Hack’s favorite novel is Dashiell Hammet’s The Maltese Falcon, which contains a scene in which a thousand dollar bill goes missing, so detective Sam Spade performs a strip search on the femme fatale anti-heroine. The scene was excised from the famous 1941 film version starring Humphrey Bogart (when the notorious Production Code in effect at the time didn’t permit such onscreen shenanigans) but it’s included in the 1931 pre-code adaptation in which the luscious Bebe Daniels is the recipient of the humiliating frisk.
When Hack wrote this rip-off of the Hammet story, he included the pat-down, but he inexplicably made Jonny M. the target of it instead of the female lead (who is physically an exact double for Bebe Daniels). The result is disturbing, to say the least.
Hack was bingeing The Pitt one night and dreamed this novel up when he went to sleep. After that, we had to make him promise not to do any more binge watching.
Boris felt his fur prickle the moment the steel door clanged shut behind him. The corridor outside the holding ward for homicidal lunatics smelled like bleach, cold coffee, and regret. His little paws clicked against the tile as he hurried toward the exit, Hannibal Lechter’s velvet-smooth voice still echoing in his ears. The meeting had yielded answers—but answers didn’t slow the ticking clock. Somewhere in Van Nuys, Buffalo Jill was sharpening her dreams with a knife, and Jonny’s elephant-like epidermis was already measured for the next addition to her chilling man suit.
Across town, Jonny hung in a nightmare cut straight from a pulp magazine cover. A dirt pit in a suburban basement. A single bulb swinging like a drunk with a secret. Above him stood Jill, looming over the edge, her shadow falling across him like a funeral veil. She was dressed down to a black tank top and the same model of blood red thong that Jonny had recently purchased at Victoria’s Secret to stuff in his mouth when he took his mid-afternoon naps.
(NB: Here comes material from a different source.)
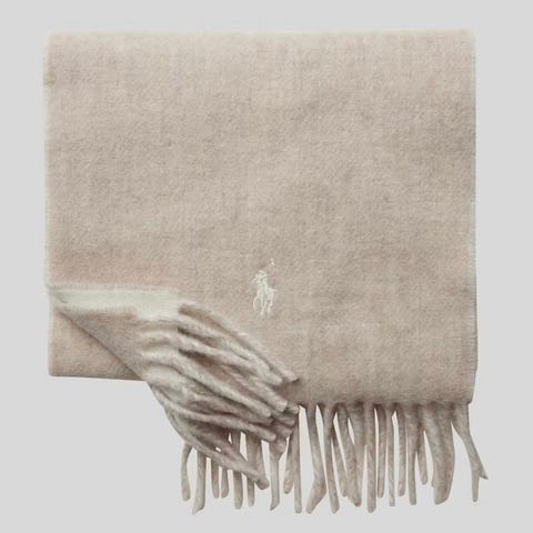 Ralph Lauren ull skjerf i grå farge, størrelse one size. Skjerfet har frynser i endene og er laget av ullmateriale. Passer for menn.
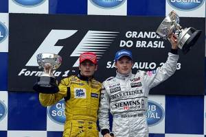 F1大賽近幾年來罕見的混亂場面重現!巴西站因為大雨跑道積水,不僅須由Safety Car帶領起跑,後來更有連續幾輛車失控衝出場的驚險鏡頭出現。比賽最後,JORDAN車隊的Fisichella終於超越了有“冰人”之稱的Raikkonen取得第一位的同時,Webber卻剛好重創護牆使跑道遍佈賽車殘骸,賽會被迫揮出紅旗中止比賽,但Alonso卻隨之高速撞擊路上殘骸而送醫,由於超過規定圈數75%,經過討論,賽會最後將這場比賽的冠軍判定為McLAREN車隊的Raikkonen,使他的領先積分穩居第一!

“It puts the lotion on its skin or else it gets the hose again,” Buffalo Jill crooned, voice syrupy and cruel. She nudged a bottle of Jergens toward him with the toe of her boot. The smell of cheap roses filled the pit as Jonny worked the lotion into his wrinkled hide. Truth was, he liked how the salve opened up his stubborn pores, but he’d written enough erotic fiction for publication on the Dark Web based on this very scenario to know that he had to stretch out the perverse torment in order to intensify the amorous climax. Jonny tilted his head back, eyes half-lidded with defiance and mischief, playing his part like a second-rate actor chasing a first-class curtain call.
“First,” he said, voice low and steady, “tell me how naughty I’ve been.”